Only these lines, please: the first one of the records through the one containing "Image Credit : All", retyped exactly, both ends included and pictures omitted.

* **Excerpts from a dataset**

┄┄┄┄┄┄┄┄┄┄┄┄┄┄┄┄┄┄┄┄

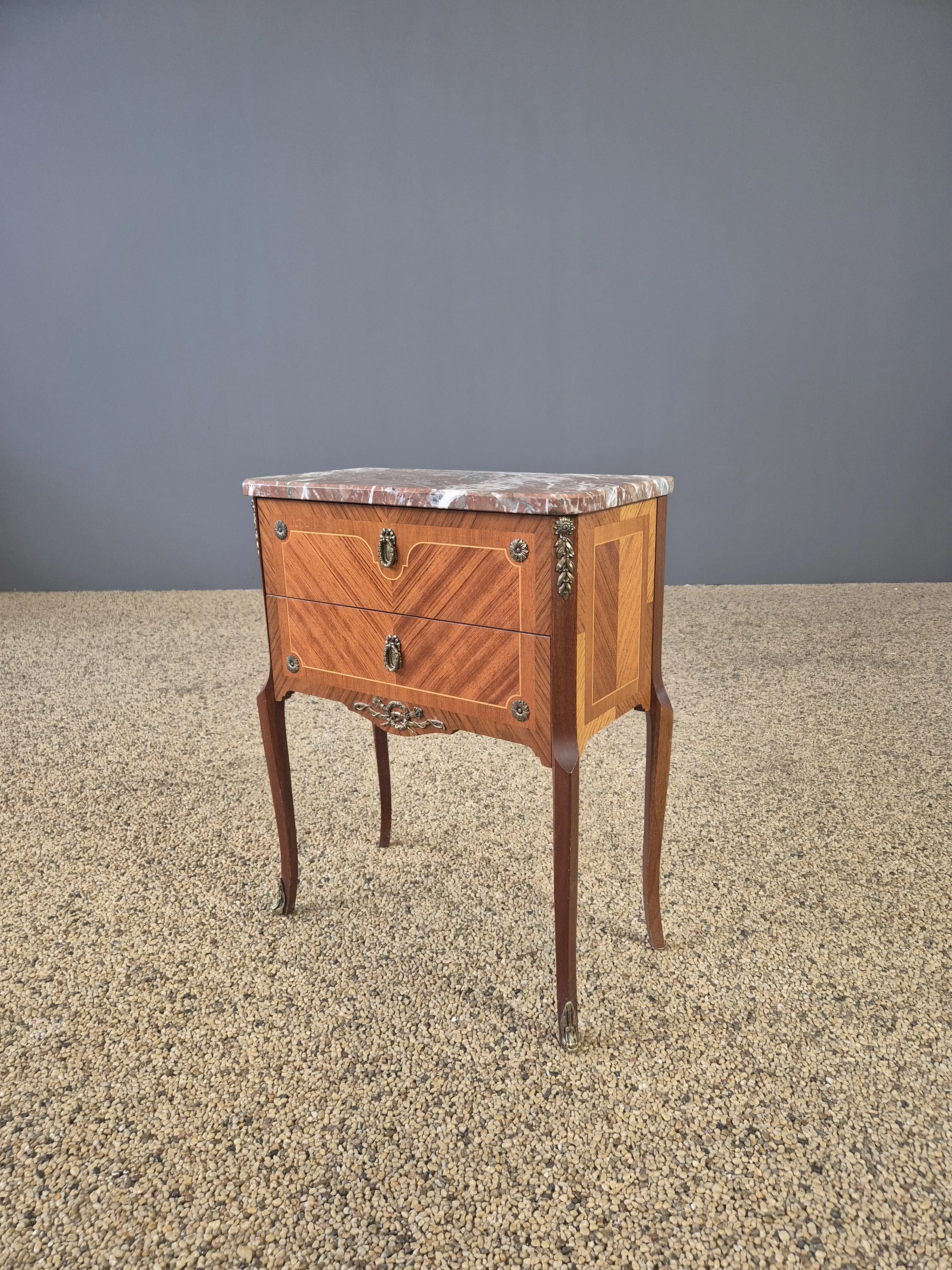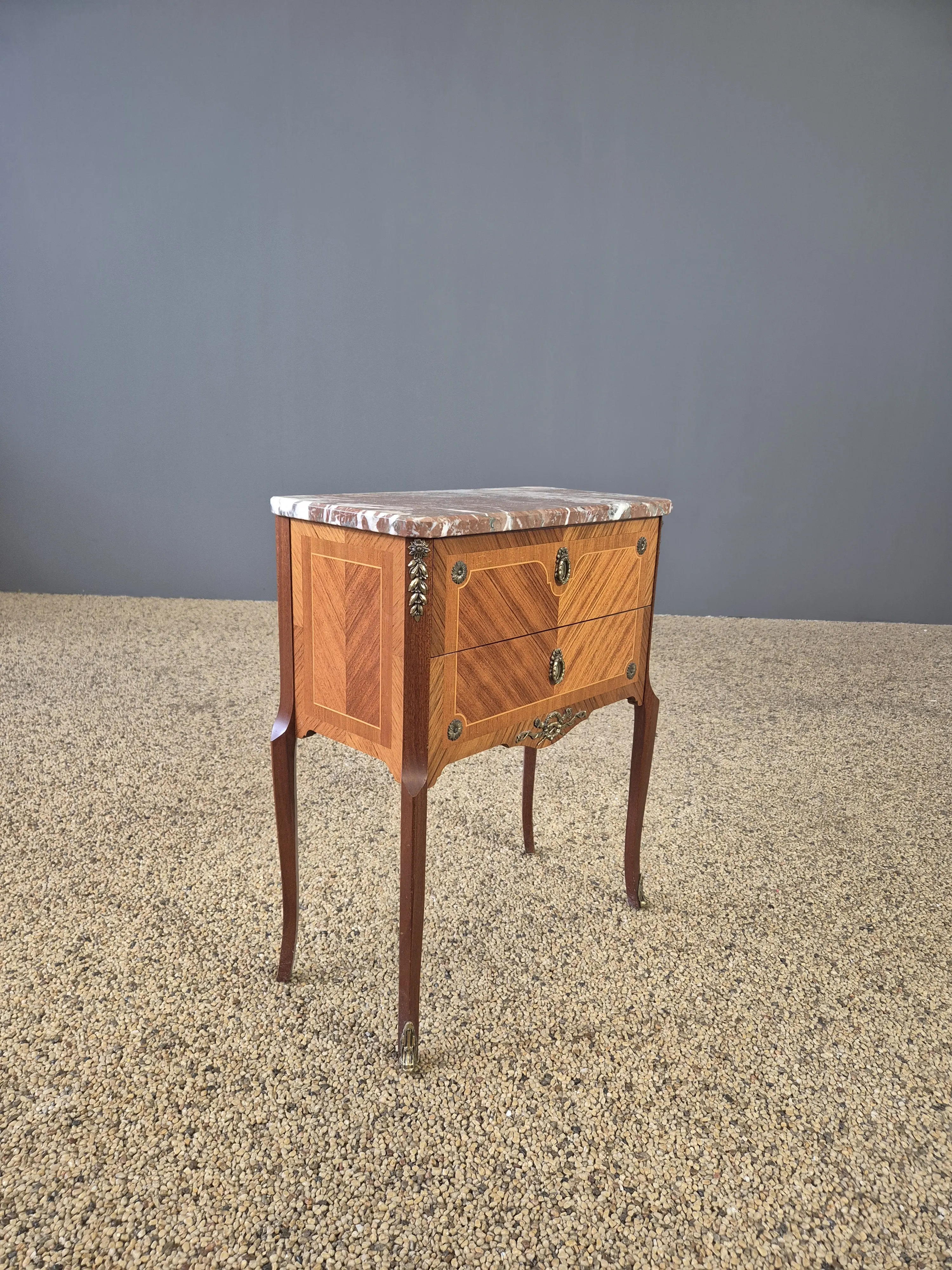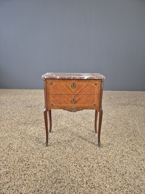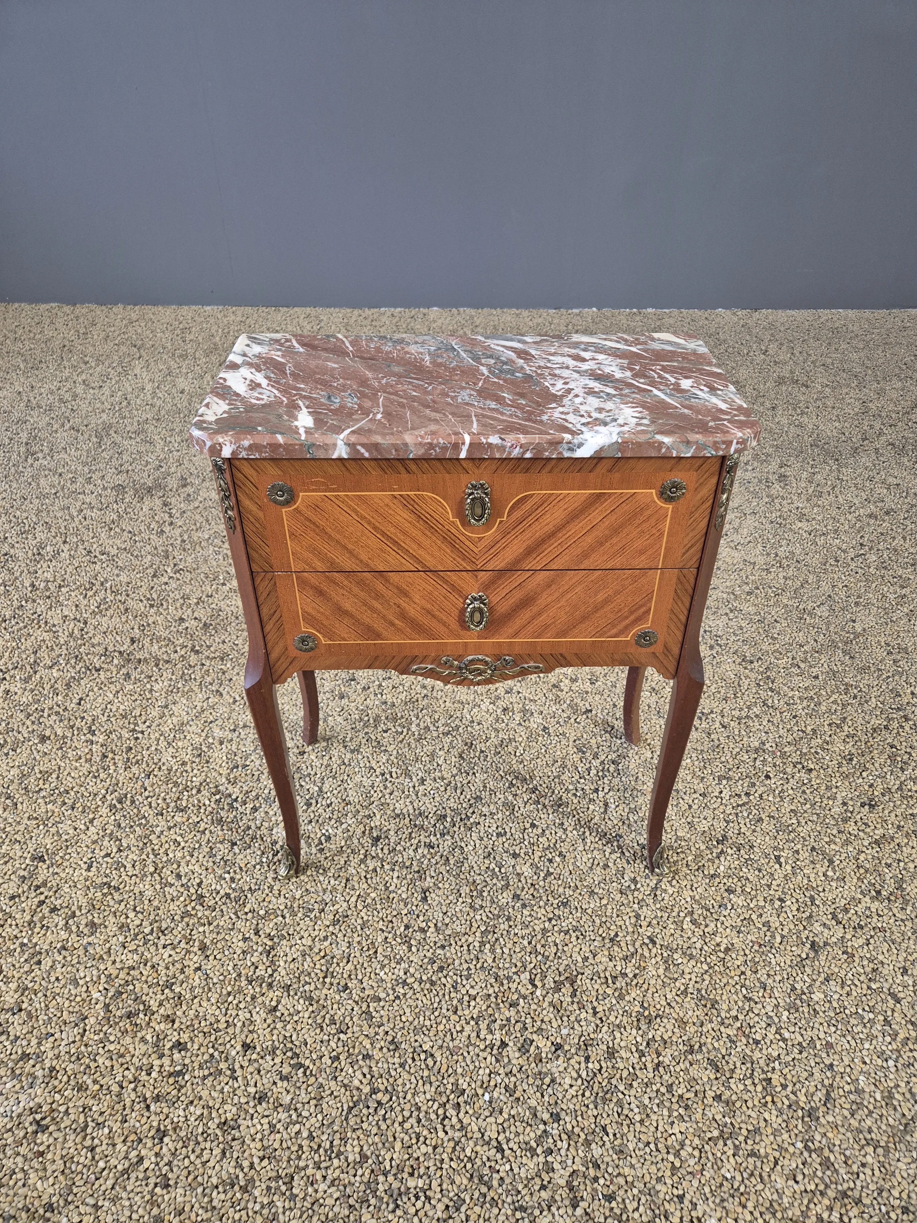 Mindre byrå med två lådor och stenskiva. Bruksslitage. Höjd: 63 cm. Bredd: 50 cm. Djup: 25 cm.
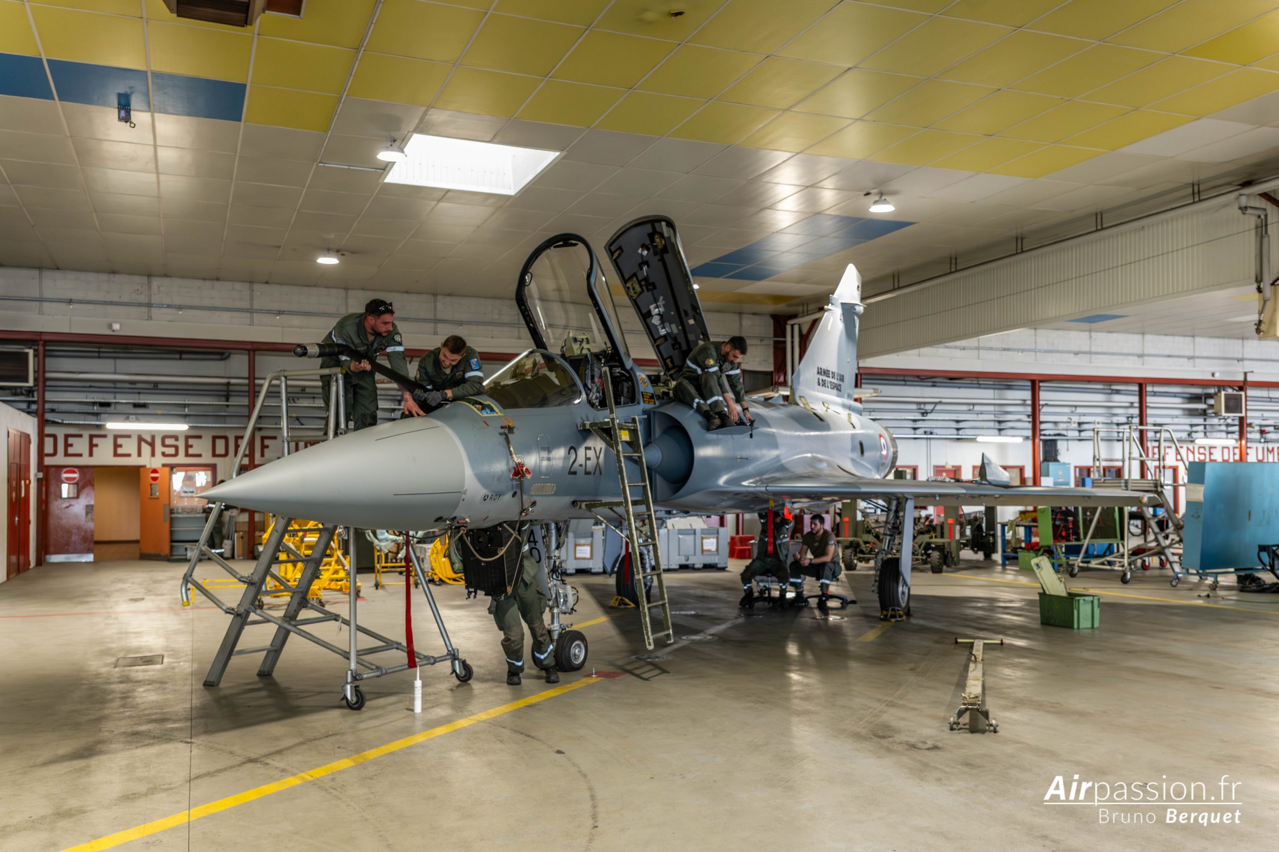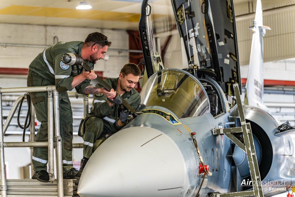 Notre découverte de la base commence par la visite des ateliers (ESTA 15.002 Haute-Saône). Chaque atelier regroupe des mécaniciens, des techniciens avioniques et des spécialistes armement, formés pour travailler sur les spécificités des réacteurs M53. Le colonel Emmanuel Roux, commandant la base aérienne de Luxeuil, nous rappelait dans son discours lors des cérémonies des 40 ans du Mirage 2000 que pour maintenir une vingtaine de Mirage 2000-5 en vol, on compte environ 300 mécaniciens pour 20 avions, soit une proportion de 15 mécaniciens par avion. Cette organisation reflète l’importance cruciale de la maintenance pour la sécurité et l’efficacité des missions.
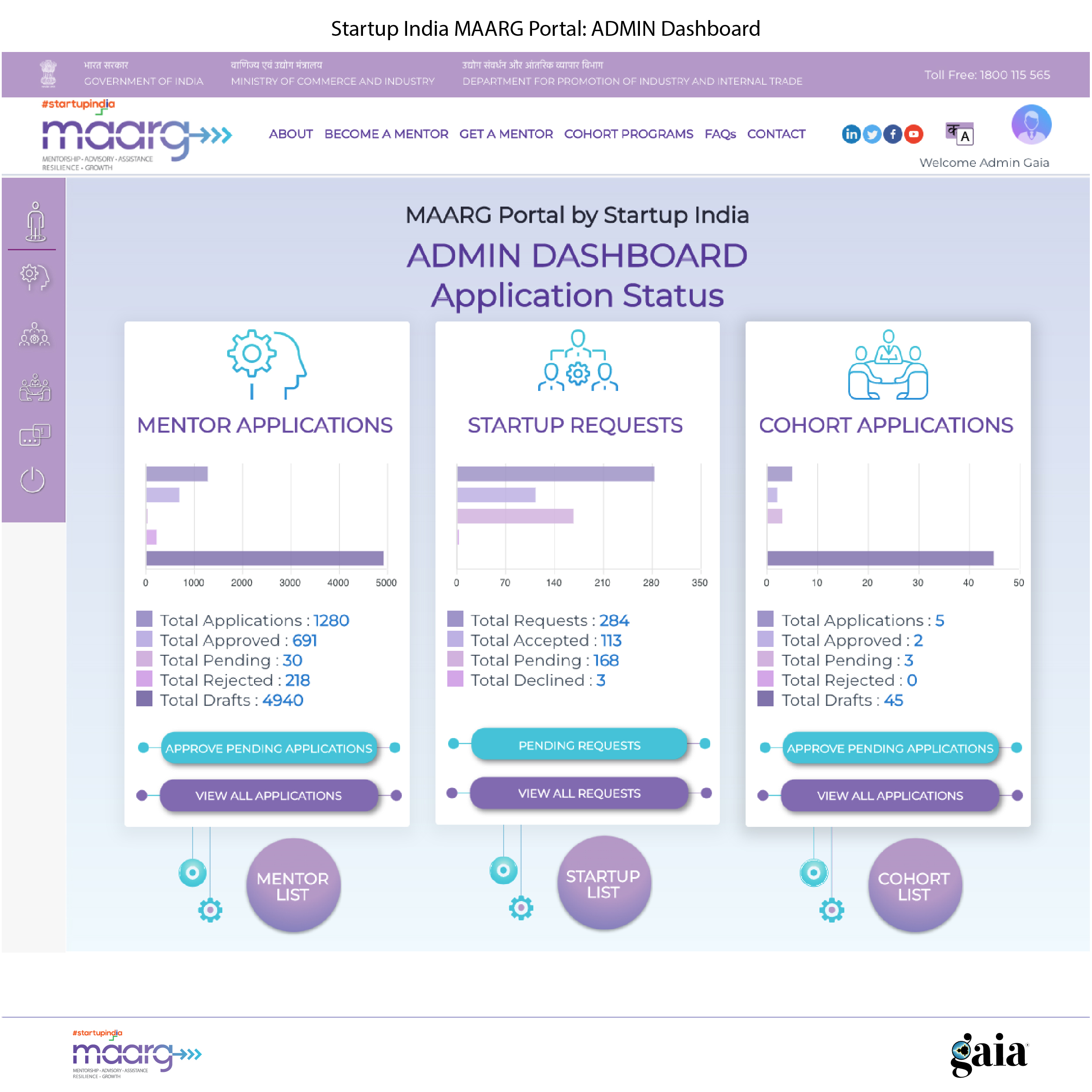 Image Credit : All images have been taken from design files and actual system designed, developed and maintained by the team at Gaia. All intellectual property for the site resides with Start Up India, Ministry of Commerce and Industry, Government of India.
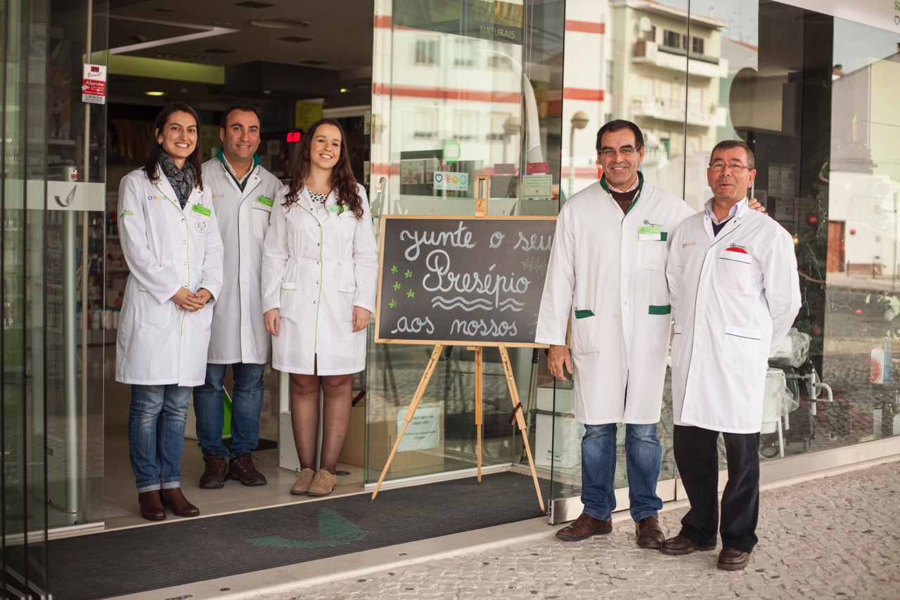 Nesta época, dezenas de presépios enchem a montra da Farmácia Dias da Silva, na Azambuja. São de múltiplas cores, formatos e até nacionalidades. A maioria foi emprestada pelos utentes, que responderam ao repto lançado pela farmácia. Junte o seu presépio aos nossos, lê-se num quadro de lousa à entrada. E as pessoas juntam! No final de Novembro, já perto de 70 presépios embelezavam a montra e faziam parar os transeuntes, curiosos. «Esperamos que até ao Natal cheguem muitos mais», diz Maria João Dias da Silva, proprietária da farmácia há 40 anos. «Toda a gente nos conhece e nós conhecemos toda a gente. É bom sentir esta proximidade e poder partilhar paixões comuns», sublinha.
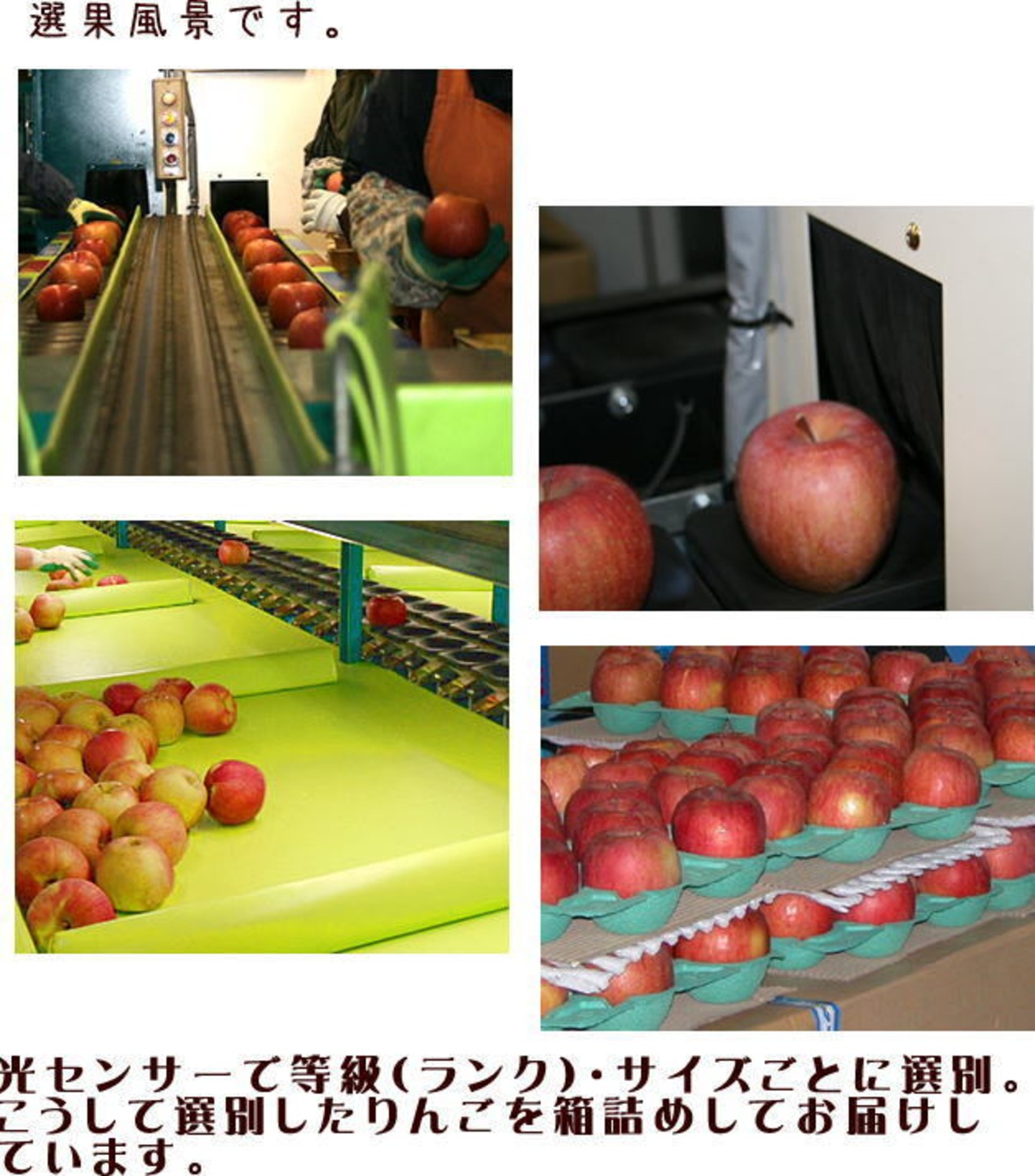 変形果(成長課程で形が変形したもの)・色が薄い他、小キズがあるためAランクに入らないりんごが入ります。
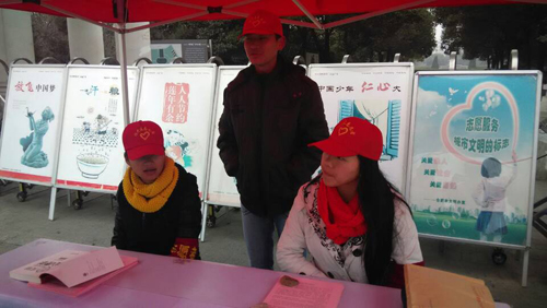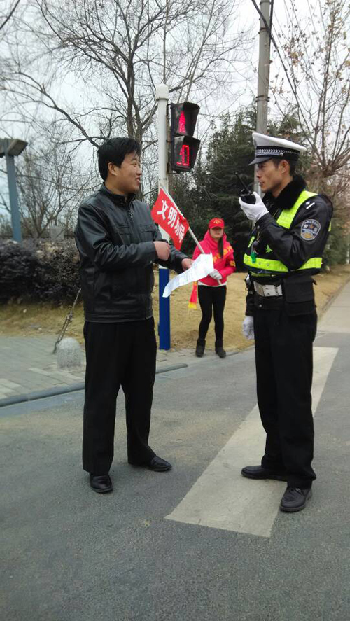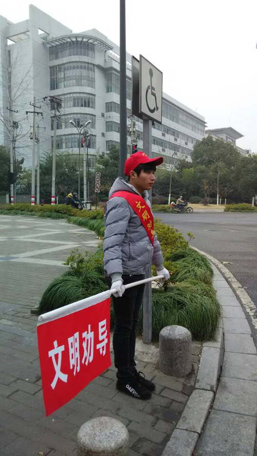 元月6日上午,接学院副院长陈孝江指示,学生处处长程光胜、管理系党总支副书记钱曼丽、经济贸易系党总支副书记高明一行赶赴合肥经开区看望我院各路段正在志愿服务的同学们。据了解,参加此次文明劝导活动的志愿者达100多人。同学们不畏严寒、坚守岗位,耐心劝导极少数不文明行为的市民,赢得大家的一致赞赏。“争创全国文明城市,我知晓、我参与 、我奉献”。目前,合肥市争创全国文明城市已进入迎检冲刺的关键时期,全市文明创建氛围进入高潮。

┄┄┄┄┄┄┄┄┄┄┄┄┄┄┄┄┄┄┄┄

* **Response for this exercise**
 Mindre byrå med två lådor och stenskiva. Bruksslitage. Höjd: 63 cm. Bredd: 50 cm. Djup: 25 cm.
 Notre découverte de la base commence par la visite des ateliers (ESTA 15.002 Haute-Saône). Chaque atelier regroupe des mécaniciens, des techniciens avioniques et des spécialistes armement, formés pour travailler sur les spécificités des réacteurs M53. Le colonel Emmanuel Roux, commandant la base aérienne de Luxeuil, nous rappelait dans son discours lors des cérémonies des 40 ans du Mirage 2000 que pour maintenir une vingtaine de Mirage 2000-5 en vol, on compte environ 300 mécaniciens pour 20 avions, soit une proportion de 15 mécaniciens par avion. Cette organisation reflète l’importance cruciale de la maintenance pour la sécurité et l’efficacité des missions.
 Image Credit : All images have been taken from design files and actual system designed, developed and maintained by the team at Gaia. All intellectual property for the site resides with Start Up India, Ministry of Commerce and Industry, Government of India.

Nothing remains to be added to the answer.